Une commune marquée par la perte d’un serviteur discret et constant
Lehaucourt a perdu l’un de ses repères. Robert Penet, père de trois enfants, ancien ouvrier de Motobécane à Saint-Quentin et visage familier des actions solidaires, est décédé dans un accident de la route. Sa trajectoire résume une certaine idée de l’engagement dans l’Aisne : une présence régulière, patiente, tournée vers le collectif et attentive aux besoins du quotidien.

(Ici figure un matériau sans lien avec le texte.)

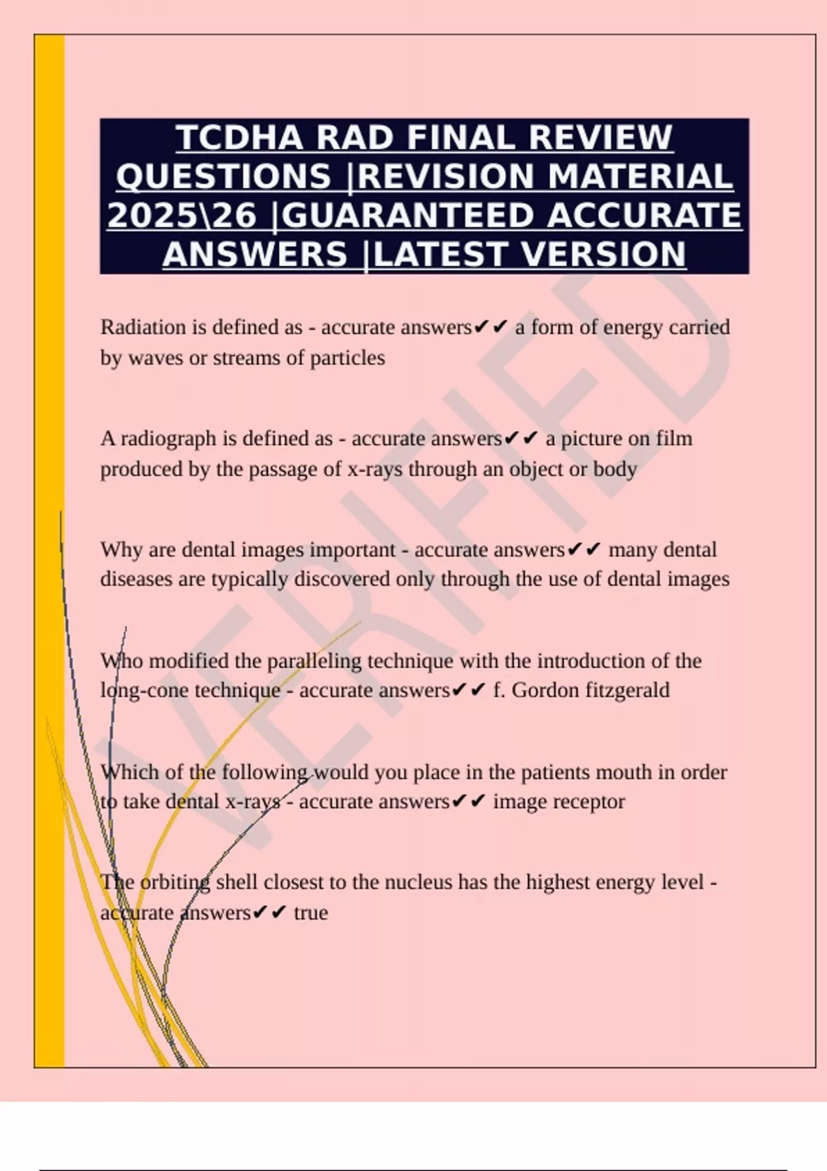 TCDHA RAD FINAL REVIEW QUESTIONS |REVISION MATERIAL 202526 |GUARANTEED ACCURATE ANSWERS |LATEST VERSION

Plus de trente-cinq ans au conseil municipal
Élu conseiller municipal à Lehaucourt de mars 1965 à mars 2001, sous les mandats de Raymond Froment, il a accompagné des générations d’habitants. De ces années d’assemblée communale, reste l’empreinte d’un homme de terrain, attaché à la proximité et au suivi des dossiers dans le temps long, à l’image de nombreux élus ruraux qui s’inscrivent dans la durée.
« Notre village est en deuil tant Robert s’est investi en qualité de conseiller et de membre associatif. Il était de bons services », souligne le maire, Michel Pinçon.
Le fil rouge de la solidarité
Après son mandat, Robert Penet n’a pas rangé l’engagement. Il a poursuivi au sein du Centre communal d’action sociale (CCAS), cœur discret des solidarités locales. Dès les premiers temps, il a aussi soutenu le Foyer rural et culturel, dont il fut l’un des premiers adhérents. Mais c’est au Secours populaire qu’il a sans doute donné sa mesure la plus tangible : près de 30 ans au service du comité local, à collecter les denrées et à les distribuer, geste simple répété semaine après semaine.
- Conseiller municipal pendant 36 ans (1965-2001)
- Membre du CCAS après son mandat
- Adhérent de la première heure du Foyer rural et culturel
- Près de 30 ans d’engagement au Secours populaire local
Un ancrage ouvrier et communal
Ouvrier de Motobécane à Saint-Quentin, il appartenait à cette génération dont la culture du travail et de la solidarité structurait la vie des bourgs et des villages. L’histoire industrielle de la région a longtemps irrigué les associations et les conseils municipaux ; Robert Penet s’y inscrivait avec constance, mettant son temps au service de l’intérêt général, sans recherche d’affichage.
Dans les pas des bâtisseurs du quotidien
Les témoignages convergent : un bénévole « toujours volontaire », proche des habitants, attentif aux besoins de chacun. Les distributions alimentaires, la vitalité du foyer rural, l’accompagnement social : autant de champs d’action où sa présence a compté. Son parcours illustre la force tranquille du monde associatif axonais, souvent porté par des figures modestes et tenaces.
Une mémoire à transmettre
La disparition de Robert Penet laisse un vide à Lehaucourt. Elle rappelle aussi que la vie communale repose sur des engagements durables, souvent silencieux. À l’heure où les associations et les structures sociales recherchent des volontaires, l’exemple de cet homme « généreux » et « chaleureux » demeure une référence locale, un appel à prolonger le fil de la solidarité.
| Période | Rôle | Lieu/Structure |
|---|---|---|
| 1965-2001 | Conseiller municipal | Lehaucourt |
| Après 2001 | Membre | CCAS de Lehaucourt |
| — | Adhérent | Foyer rural et culturel |
| Près de 30 ans | Bénévole | Secours populaire (comité local) |
Au-delà des hommages, la commune retient l’image d’un voisin disponible, d’un élu de longue haleine et d’un bénévole patient. Une manière de vivre ensemble qui s’est construite au fil des décennies, et dont l’Aisne, territoire de villages et de labeur, connaît la valeur.